- **WORK TO COMPLETE**
Starting at the first line of the listing below, repeat each line up to and including the one containing "60 шт. 2 цвета". Leave out pictures.

- **SOURCE DATA**
::::
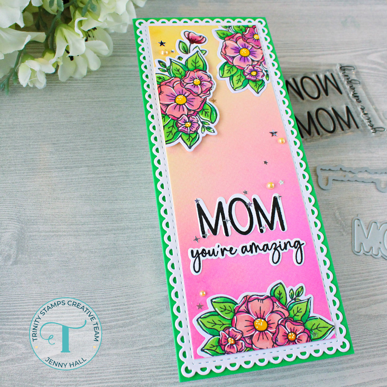 The Trinity Stamps Wow Mom 3 x 3 Stamp And Coordinating Die Bundle is the perfect way to celebrate your amazing mother. This two-piece set includes a sentiment stamp and a coordinating die that will cut out each piece of the sentiment.
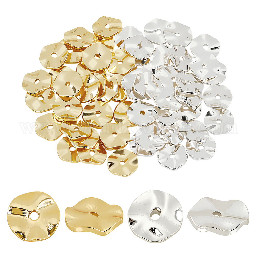 60 шт. 2 цвета латунных дистанционных бусин, волнистых плоские круглые
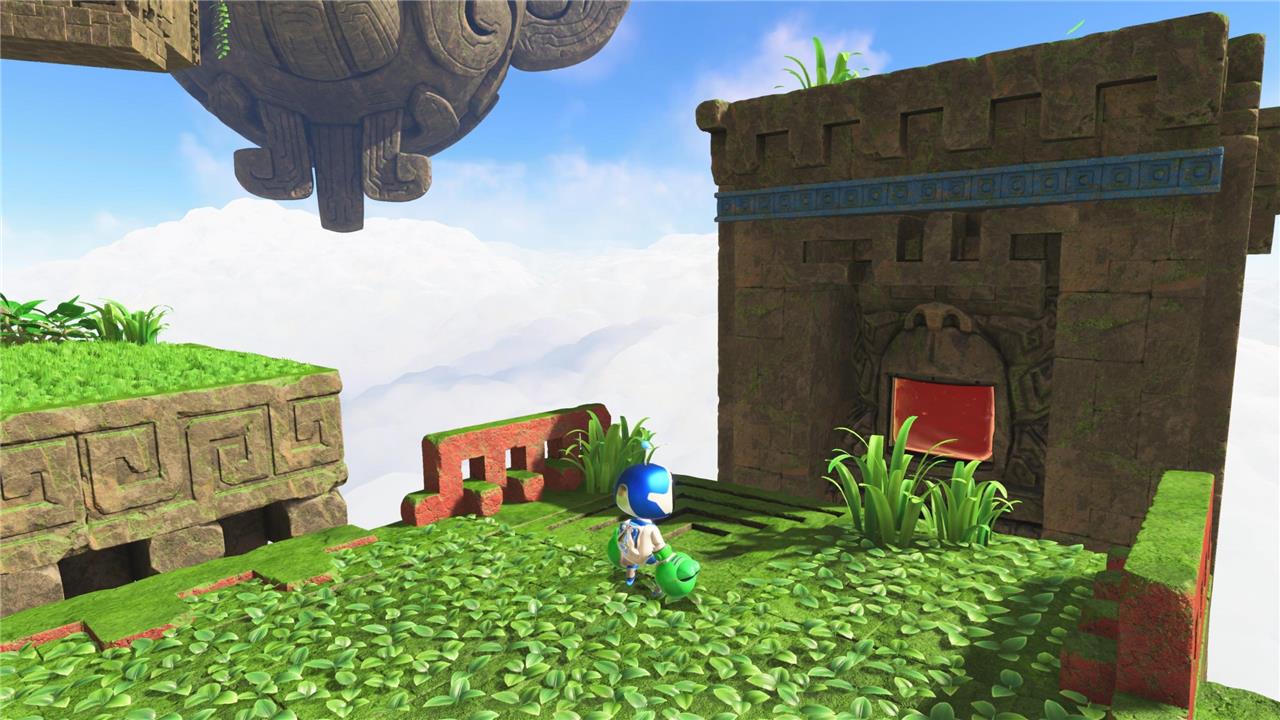 You can find the first puzzle piece in Az-Tech Trail after exiting the temple and using the slingshot to launch yourself across the chasm. On the ensuing platform, before going further, look to your right to see a red block. Pulling the block will reveal a series of platforms leading to the puzzle piece.
::::
- **SOLUTION TO THE EXERCISE**
 The Trinity Stamps Wow Mom 3 x 3 Stamp And Coordinating Die Bundle is the perfect way to celebrate your amazing mother. This two-piece set includes a sentiment stamp and a coordinating die that will cut out each piece of the sentiment.
 60 шт. 2 цвета латунных дистанционных бусин, волнистых плоские круглые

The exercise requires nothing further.